I think I am not unusual in saying that I live for familiar connections, whether that is sharing stories of first heartbreak or simply a mutual love of the Cornish sea. It is what brings people together. With that in mind, I was surprised to find myself at the National Theatre’s (NT) ‘The Threepenny Opera’ with that same feeling. With songs which begin ‘What a twat!’, a cast that included scantily-clad prostitutes, obvious theatrical make-up, dancing troops and deadly gangs, this darkly comic twentieth-century musical could not be further from reality. Comparatively, NT’s production of ‘Sunset at the Villa Thalia’ is a bittersweet tale of two couples’ retreat to Greece in the 1960s. Full of marital dispute, artistic discussion and political questioning, this show is perhaps, a little closer to home.

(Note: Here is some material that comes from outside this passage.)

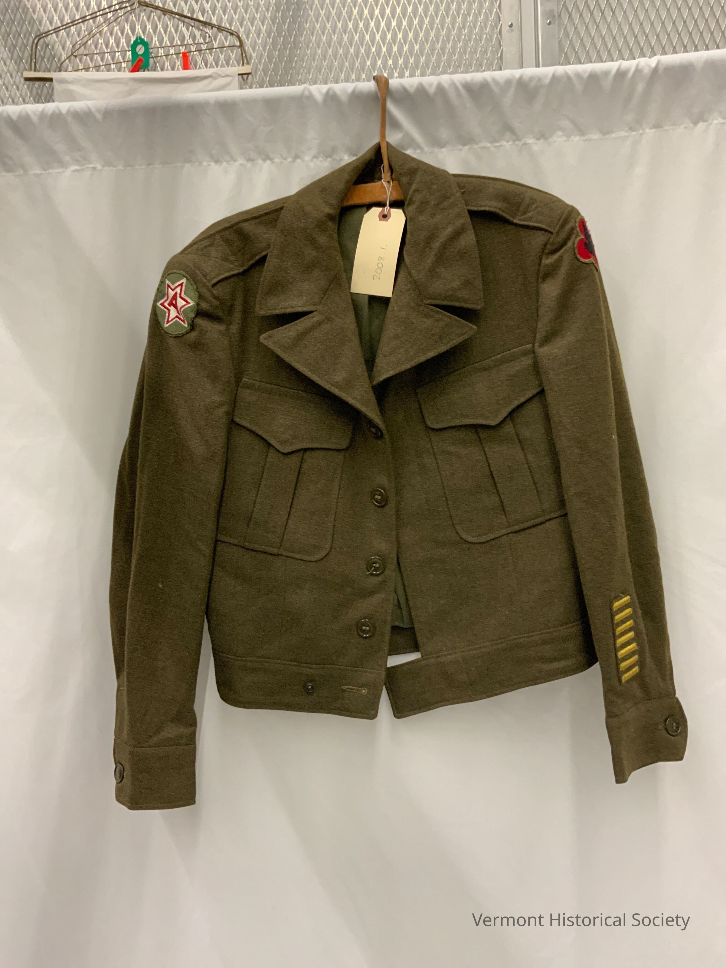 This jacket was worn by Lawrence Rossi (1918-2025) of Barre during military service. He spent three years in the Pacific Theater during WWII, serving as a 1st Lieutenant with the Army's 172nd Infantry. After he was discharged in 1946 he continued to serve in the Vermont National Guard and was reactivated to serve in the Korean War. He retired as a Major from the Vermont National Guard in 1963.Acquisition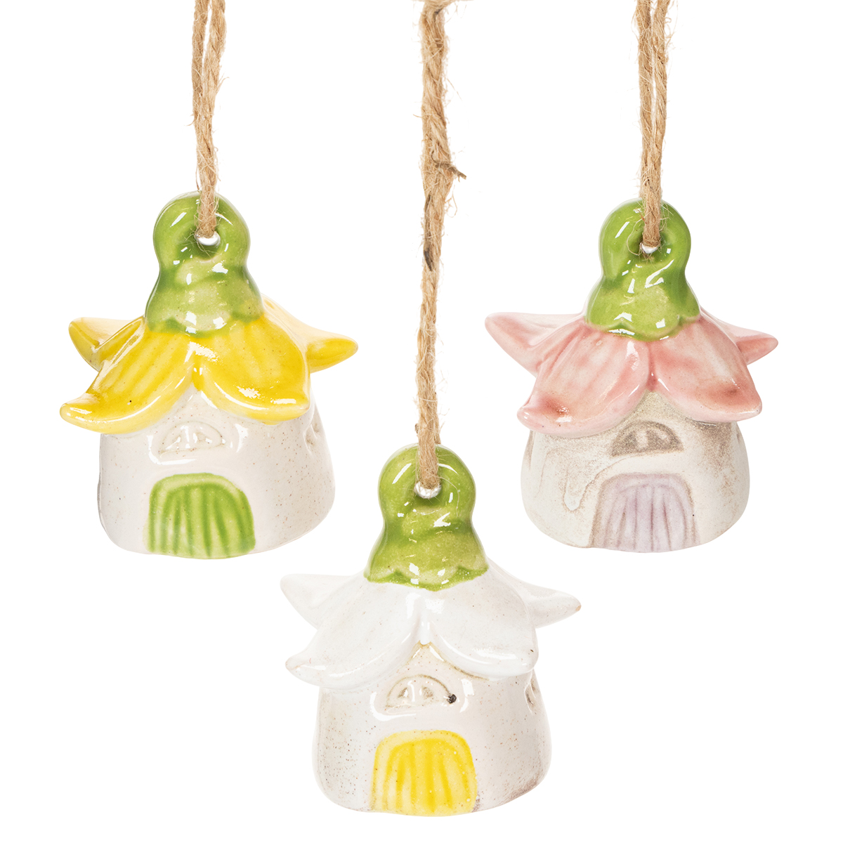 Casinha de fada de cerâmica com flor para pendurar, 6 cm, 6 peças

However, my aim is not to critique these shows. I simply wish to question the audience’s preference, whether they wish to relate to the action or if they simply hope to observe something far in subject from their daily lives. On the surface, the melodrama of ‘The Threepenny Opera’ is alluring in its display of another world. In fact, the power of literature, both the written and the spoken word, achieves a similar effect in its ability to transport us away from our present surroundings.
The dingy brothel scenes and cackling beggars are a snapshot of a poverty-stricken London society, far away from daily life in Durham. It is not just the threadbare corsets and women begging for casual intimacy, but a deeper layer that is revealed, of the fear of individuals involved in such a world. This imaginative quality is evocative in its poignancy as the physical masks of the characters, such as Peachum’s heavy make-up, hint at something bleaker under the surface. That is not to say that ‘Sunset at the Villa Thalia’ does not have this quality, but rather that it is at face value. In other words, the audience is not forced to exist outside of their comfort zone. That is why Pinter’s work in the mid-twentieth century was so popular in that it combined elements from the genres of both plays, by showing a realistic setting covering a far darker obscurity.
Perhaps, ‘The Threepenny Opera’ is more thematically familiar than we think. The love-hate relationship between Macheath and Polly is multi-layered and the corruption of the police force is something still prevalent today. Although the constant hilarity and crude nature of the characters mask this, it is clear that the themes are similar in content to that of ‘Sunset at the Villa Thalia’. Both address discord between man and wife, extra-marital relationships and forceful personalities. The question is: do we prefer a theatrical mask or simply the raw reality? Which challenges us more? Our minds are perhaps lulled into watching the simple story of ‘Villa Thalia’ in which Charlotte and Theo who, like the majority of married couples, are looking for a source of peace. In this generation of hyper-reality and innovation, are we not bored?
In truth, surprisingly, I found myself enjoying the simplicity of this story and its lack of pretence. The scenes of children swimming in the sea, Greek dancing and moonlit dinners were calming. Although it did not use dramatic set changes and complex lighting, its normality was relatable. I was not forced into questioning deeper subjects. I was allowed to enjoy a kitchen drama. I was entertained, if relatively unchallenged.
Therefore, it is evident that the unrealistic and the realistic can both be appreciated for different reasons. With the speed and pressure of daily life, a reflection and an exaggeration are equally important in self-understanding. My advice is that, with the flurry of student plays emerging this term, do not be put off by something wildly unfamiliar. You may find that it’s more relatable than you think.